Alors, il y a un consensus dans le milieu associatif des personnes handicapées sur la proposition en tant que telle. Mais je dois être bien honnête, c'est que l'adoption d'une loi en soi ne corrigera pas, demain matin, la situation dont vous venez de nous parler, mais peut contribuer à moyen terme à diminuer ce genre d'incompréhension là. Mais j'aimerais ça vous répondre ce serait quoi, la loi qui empêcherait, le lendemain matin, toute discrimination. Ça, je pense qu'il n'y a pas juste moi qui rêve à cette loi-là, mais je pense qu'on n'est pas près de... on n'est pas naïf au point de penser que la loi en soi va corriger tout de suite du jour au lendemain, mais elle va fixer les bases de l'intervention. Et, nous, on considère que les bases sur lesquelles on vous a proposé de le faire auraient plus ? comment on disait? ? de succès, plus de chances en tout cas de se réaliser.

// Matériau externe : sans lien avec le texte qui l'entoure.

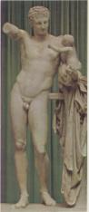 Die Staue links ist das einzig erhaltene Originalwerk des Praxiteles. Die Figur ist um 350/340 v. Chr. entstanden und 2,15 hoch. Sie zeigt Hermes, wie er auf dem linken Arm seinen Halbbruder Dionysos trägt. In der rechten Hand hielt Hermes ehemals eine Weintraube, nach der der Kleine greifen will.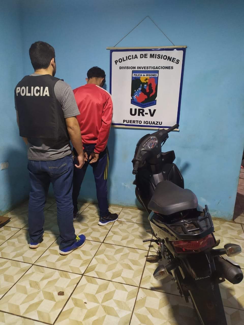 Por este motivo, los efectivos se trasladaron hasta allí, donde en inmediaciones al vecindario detuvieron al sindicado y secuestraron la moto robada que tenía en su poder. Finalmente, el detenido fue alojado en la Comisaría 2.ª a disposición del Juzgado de Instrucción Nro. 3 de Iguazú y el vehículo recuperado será restituido a su propietario.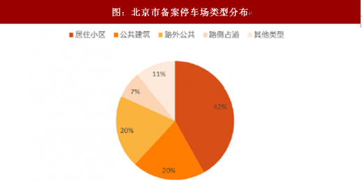 根据 2017 年北京市交通委发布停车资源普查报告,停车场类型可分为以下九类:居住小区(42%)、公共建筑(20%)、路外公共停车场(20%)、路侧占道(6%)、平房区、立交桥下空间、驻车换乘停车场、混合区域(含商住楼等)、其他。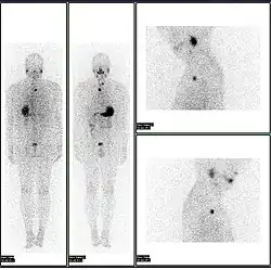 Гамма-излучение в диагностике in vivo улавливается гамма-камерами, метод называется сцинтиграфией. Первоначально использовалась планарная сцинтиграфия, дающая плоскостную проекцию, сейчас набирает популярность однофотонная эмиссионная компьютерная томография (SPECT), работающая уже с трёхмерными моделями[16][18].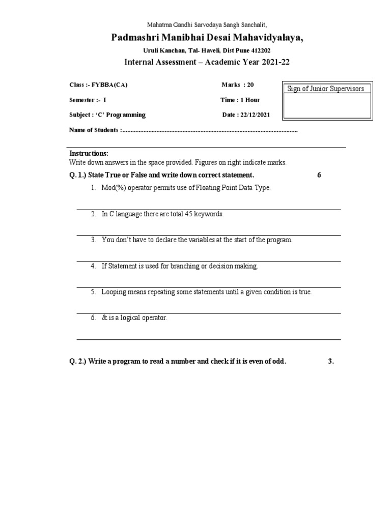 Class :- FYBBA(CA) Marks : 20 Sign of Junior Supervisors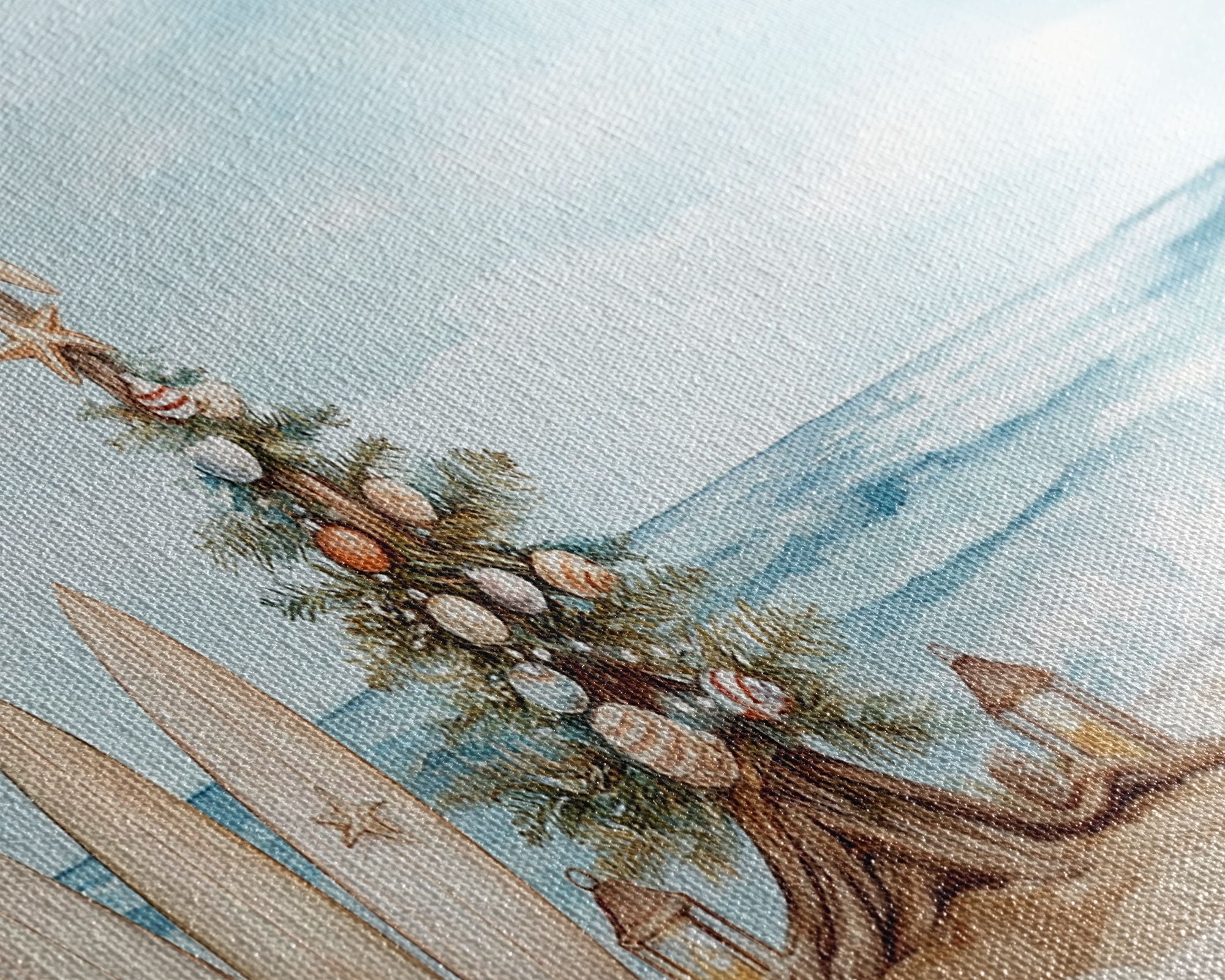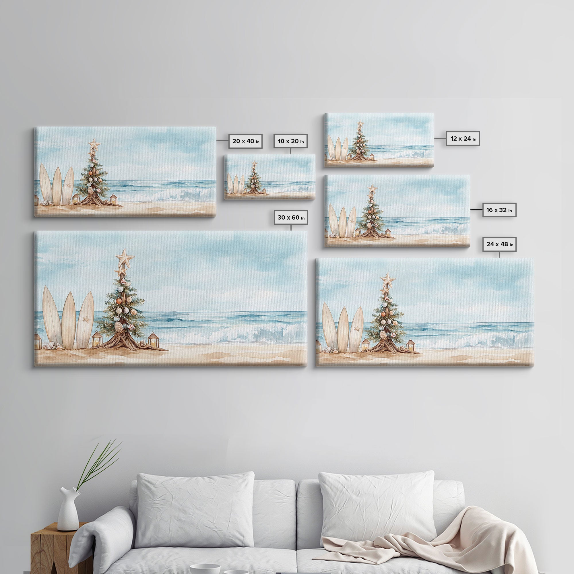 Beach Christmas scene with surfboards and decorated tree, tropical holiday art framed canvas print, perfect coastal seasonal decor
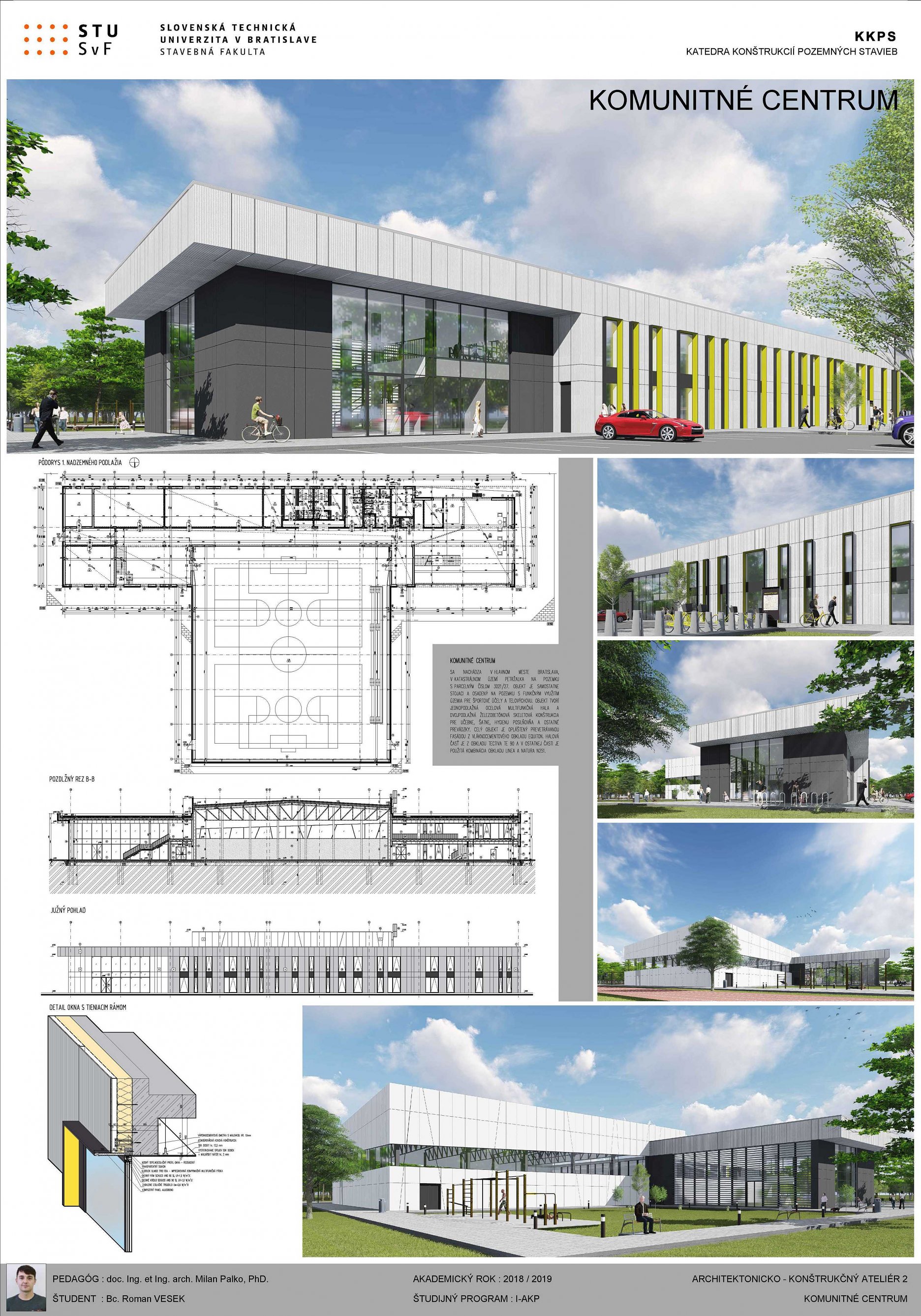Výhercom súťaže sa stal Roman Vesek s projektom komunitného centra a o projekte hovorí: „Do školskej súťaže som sa zapojil prvýkrát a bral som to ako výzvu. Vybral som si vzorový projekt zo zahraničia a prerobil som ho podľa svojich predstáv. Hlavným prvkom, ktorý som použil na administratívnej časti stavby, je fasádny panel EQUITONE [linea]. S týmto obkladom možno dosiahnuť zaujímavý vizuálny efekt, a to vďaka meniacemu sa uhlu dopadajúceho denného svetla.“ Objekt tvorí jednopodlažná oceľová multifunkčná hala a dvojpodlažná železobetónová skeletová konštrukcia pre učebne, šatne, posilňovňu a ďalšie prevádzky.

Mme Richard: Merci, M. Lavigne. Vous dites que, bon, vous ne pouvez pas changer la loi, tout ça. Moi, je pense que, par vos propos, vous nous avez éclairés sur certains aménagements qui pourraient être faits à cette loi-là. Merci.

Le Président (M. Copeman): Alors, M. le président Lavigne, Mme Serradori, M. Bergevin, merci beaucoup d'avoir participé aux travaux de cette commission parlementaire. Et, sur ça...

M. Lavigne (Richard): Merci beaucoup. Et on sait que, la prochaine étape après la commission parlementaire, il y aura, espérons-le, une réflexion. Nous, on espère que les personnes et leurs représentants vont prendre le pas sur les intérêts d'autres organismes. Nous, à la COPHAN, le seul intérêt qu'on a, c'est les personnes, et d'autres organisations, c'est ceux... C'est légitime, hein, ils vont venir vous parler de leur intérêt. Mais, s'il vous plaît, pensez aux personnes.

Le Président (M. Copeman): Merci. Alors, sur ça, j'ajourne les travaux de la commission à demain, mercredi le 22 septembre, à 14 heures, ici, dans cette même salle. Merci.